Afganistan: 6 grudnia był znacznie bardziej krwawy

Dodano:
W zamachach zginęło więcej osób, niż informowano wcześniej - podał prezydent (fot. Wikipedia)
Zamachy na szyitów, do jakich doszło 6 grudnia, spowodowały śmierć 80 osób - oświadczył prezydent Afganistanu Hamid Karzaj. Poprzedni bilans mówił o 59 zabitych. Zamachy były pierwszymi atakami na tle wyznaniowym na tak dużą skalę od ponad dekady.
Do ataków doszło w pobliżu szyickich świątyń w stolicy kraju Kabulu oraz w mieście Mazar-i-Szarif na północy Afganistanu. Rannych zostało ok. 150 osób. Afgański prezydent oskarżył o zamachy pakistańskich ekstremistów. Atak nastąpił podczas procesji z okazji święta Aszura, jednego z najważniejszych dla szyitów. Upamiętnia ono męczeńską śmierć imama Husejna - syna protoplasty szyizmu, imama Alego i zarazem wnuka proroka Mahometa.
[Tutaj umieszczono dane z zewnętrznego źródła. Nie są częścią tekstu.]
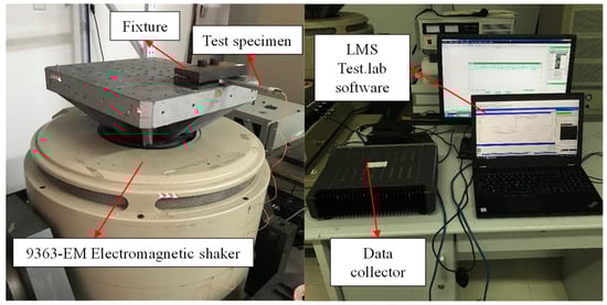 In addition, the PCB 086C01 modal force hammer was used for modal testing, high power amplifier 9363-EM type electromagnetic shaker was used for sweep frequency excitation, a BK-4517 acceleration sensor was used for data acquisition, and LMS Test. lab vibration analysis software (The version number of the software is: Simcenter Testlab 2021.1) was used for data analysis. The shaker and the test system are shown in Figure 3.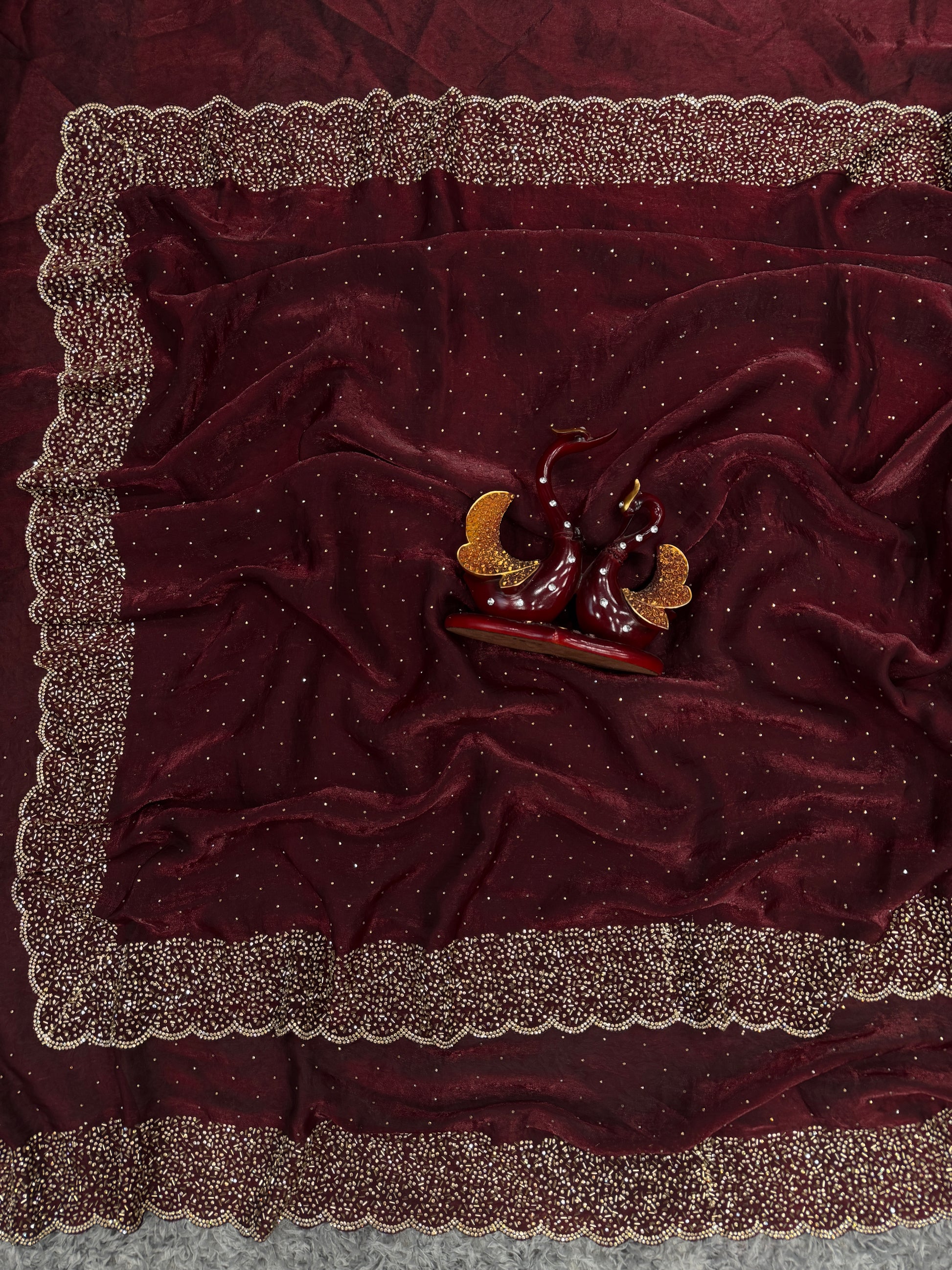 Saree: Soft Space Silk with original Jarkhan diamond work, handcrafted for a starry, vibrant look.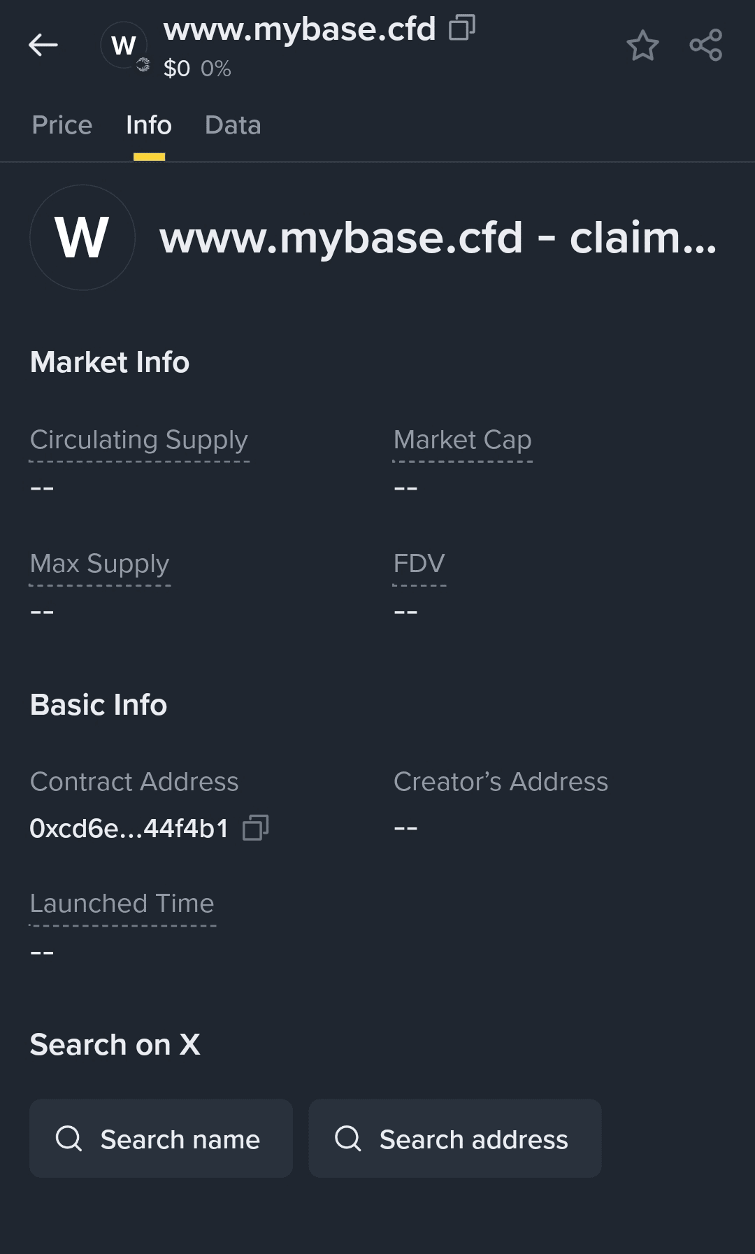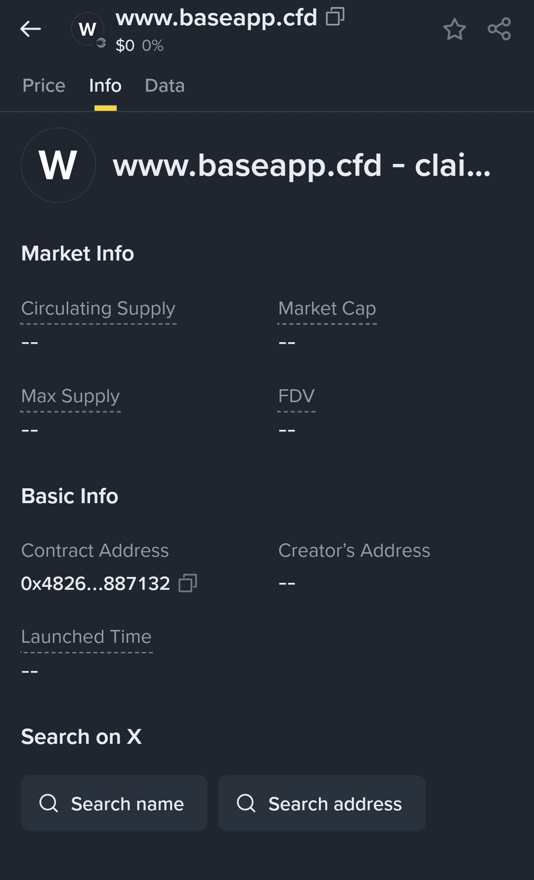 Y aquí llegamos a un sitio web que aparece como el nombre del token (#RedFlagAlert – no visites el sitio en absoluto).

6 grudnia był tym samym jednym z najkrwawszych dni, od kiedy w 2001 r. koalicja pod dowództwem USA obaliła reżim talibów - podała agencja Reutera. W 2008 r. ponad 80 osób zginęło w zamachu samobójczym w prowincji Kandahar; w tym samym roku 58 osób poniosło śmierć w zamachu z udziałem samochodu-pułapki na indyjską ambasadę w Kabulu.

Ataki z 6 grudnia były pierwszymi na tle wyznaniowym na tak dużą skalę, co budzi obawy niektórych obserwatorów, że przemoc między szyitami i sunnitami w Afganistanie może rosnąć.

Do ataków międzywyznaniowych dochodzi w Pakistanie i Iraku. Afganistan przez dziesiątki lat targany był wojną i konfliktami etnicznymi, jednak od upadku talibów nie miały tam miejsca ataki na dużą skalę na mniejszość szyicką.

zew, PAP

Proszę czekać ...

Proszę czekać ...

Proszę czekać ...

Proszę czekać ...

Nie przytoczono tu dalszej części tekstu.